Hand & Wrist · Acute injury

Metacarpal (Boxer's) Fracture

Fracture of a metacarpal bone in the hand

Cared for across all 6 OSI locations

Overview

what it is and why it matters
Palmar dissection of the hand and wrist showing the eight carpal bones, flexor tendons, and median and ulnar nerves.
Hand and wrist anatomy. Eight small carpal bones form the wrist and connect the forearm to the five metacarpals of the palm. Finger tendons and the median and ulnar nerves pass through narrow tunnels in the wrist on their way into the hand.
Wilfredor · Wikimedia Commons · CC BY-SA 3.0

Metacarpal fractures are among the most common hand fractures seen in the emergency department. The "boxer's fracture" specifically refers to a neck fracture of the ring or small finger metacarpal from a direct axial load — punching a wall or another person. The head angulates volarly, producing a depressed knuckle.
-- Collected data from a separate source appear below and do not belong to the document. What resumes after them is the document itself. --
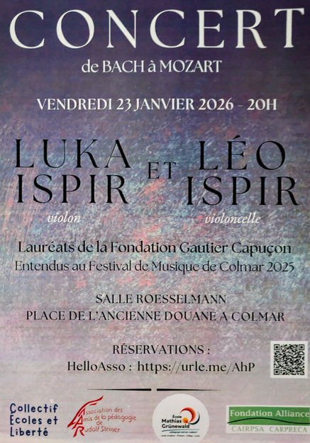 Le duo des frères LUKA & LÉO ISPIR, Lauréats de la Fondation Gautier Capuçon, entendus au Festival de la Musique de Colmar 2025, à nouveau réunis, à l’initiative du Collectif Écoles et Liberté et de l’Association des Amis de la Pédagogie de Rudolf Steiner.
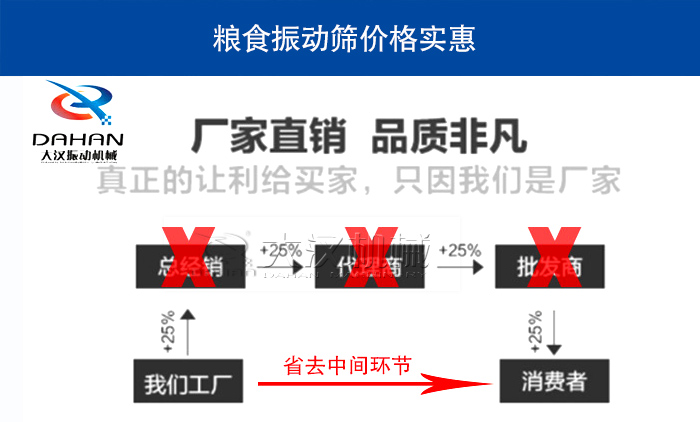 大漢糧食振動篩廠家直銷,沒有中間商賺差價,中間可免去不少的差價成本,糧食振動篩價格更加便宜。
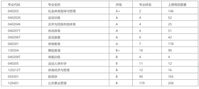 2021年6月22日,高等教育评价专业机构软科正式发布2021“软科中国大学专业排名”。我校12个本科专业全部上榜,其中A+一个,A五个,B+1个,B五个。体育旅游为2020年新增设专业,排名中未涉及。电子竞技运动与管理专业2021年开始招生,未参与排名。
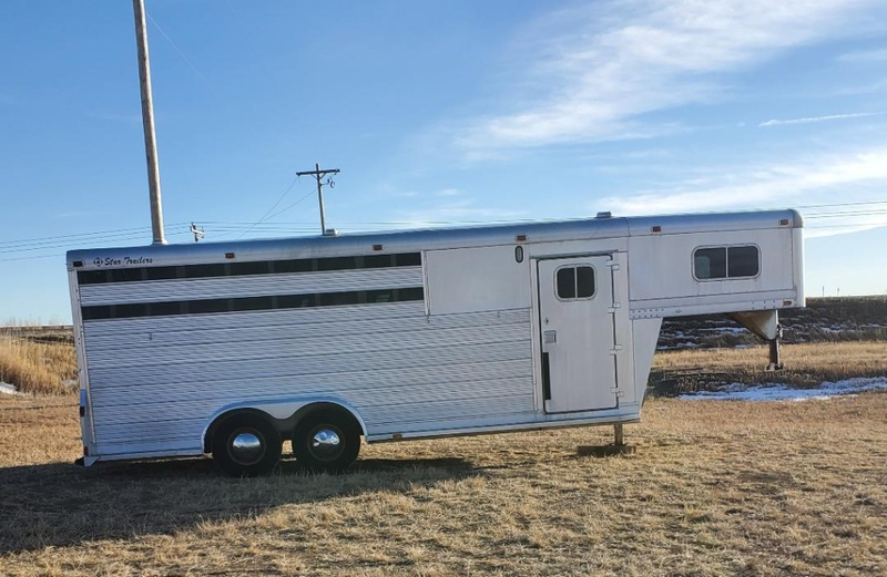 Four horse trailer, center doors rear hooks, saddle/dressing room, with custom detachable step for dressing room entrance;20 bridle hooks, saddle rack for 4 saddles, water container. Removable tinted plexiglass for slatted openings & door for winter use, 5 roof vents, 7'6" ceiling height, good tires and spare included, 6 running lights at roofline on each side, 5 running lights across back, 2 across front. Interior lights & exterior light at loading area & dressing room door. Four door keys. Padded dividers, metal hooks. Drop face windows with screened slide openings. This trailer pulls smoothly and horses are contained with plenty of room. Tie rings on both sides of exterior. No accidents.
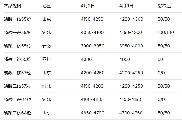 国内磷铵市场价格周度涨跌表
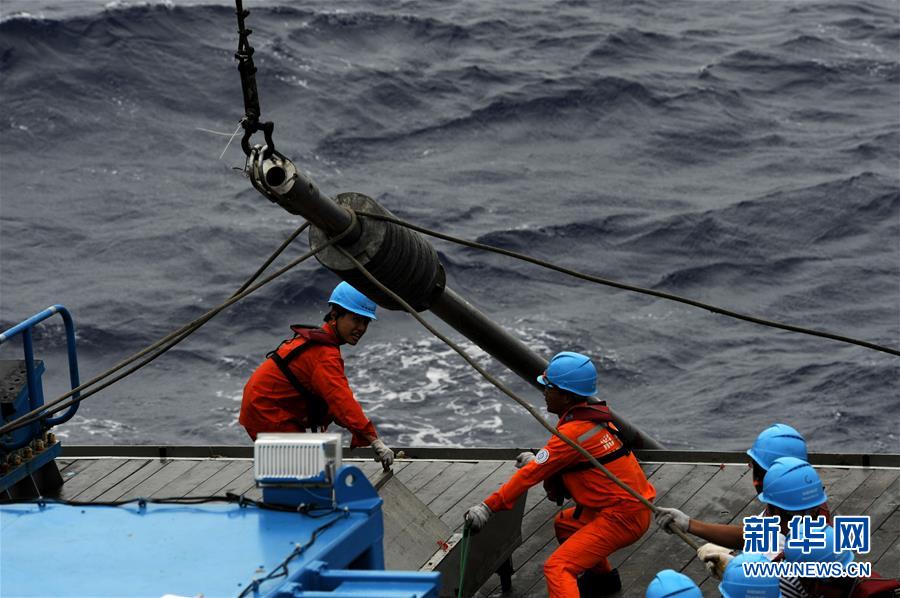 科考團(tuán)隊成員在船上布放重力柱(12月21日攝)。
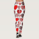 These leggings have a Valentine’s design of repeating hearts with different graphics inside on a field of white.

Other metacarpal fractures (shaft, base, index/middle neck) require more scrutiny for rotation, shortening, and intra-articular extension.

Diagnosis

exam first, imaging second

PA, lateral, and oblique hand X-rays define fracture pattern, apex angulation, shortening, and rotation. Rotational malignment is best assessed clinically: flexing all fingers toward the scaphoid — any finger that crosses or gaps is rotated. Up to 40° of apex-dorsal angulation is acceptable at the ring/small metacarpal neck; less angulation is acceptable at the index and middle metacarpals.

Treatment Path

how care progresses at OSI
1

Buddy taping and functional splint

For minimally displaced, non-rotated small/ring finger neck fractures.

2

Ulnar gutter splint

Immobilizes ring and small finger neck fractures in the position of intrinsic-plus (70–90° MCP flexion) for 3–4 weeks.

3

Closed reduction

When angulation exceeds acceptable limits, the fracture is reduced under a digital block using the Jahss maneuver.

Surgical Options at OSI

if non-operative care isn't enough

Surgery is indicated for rotation, shortening >4–5 mm, intra-articular CMC fracture-dislocations, and fractures that cannot be held in reduction.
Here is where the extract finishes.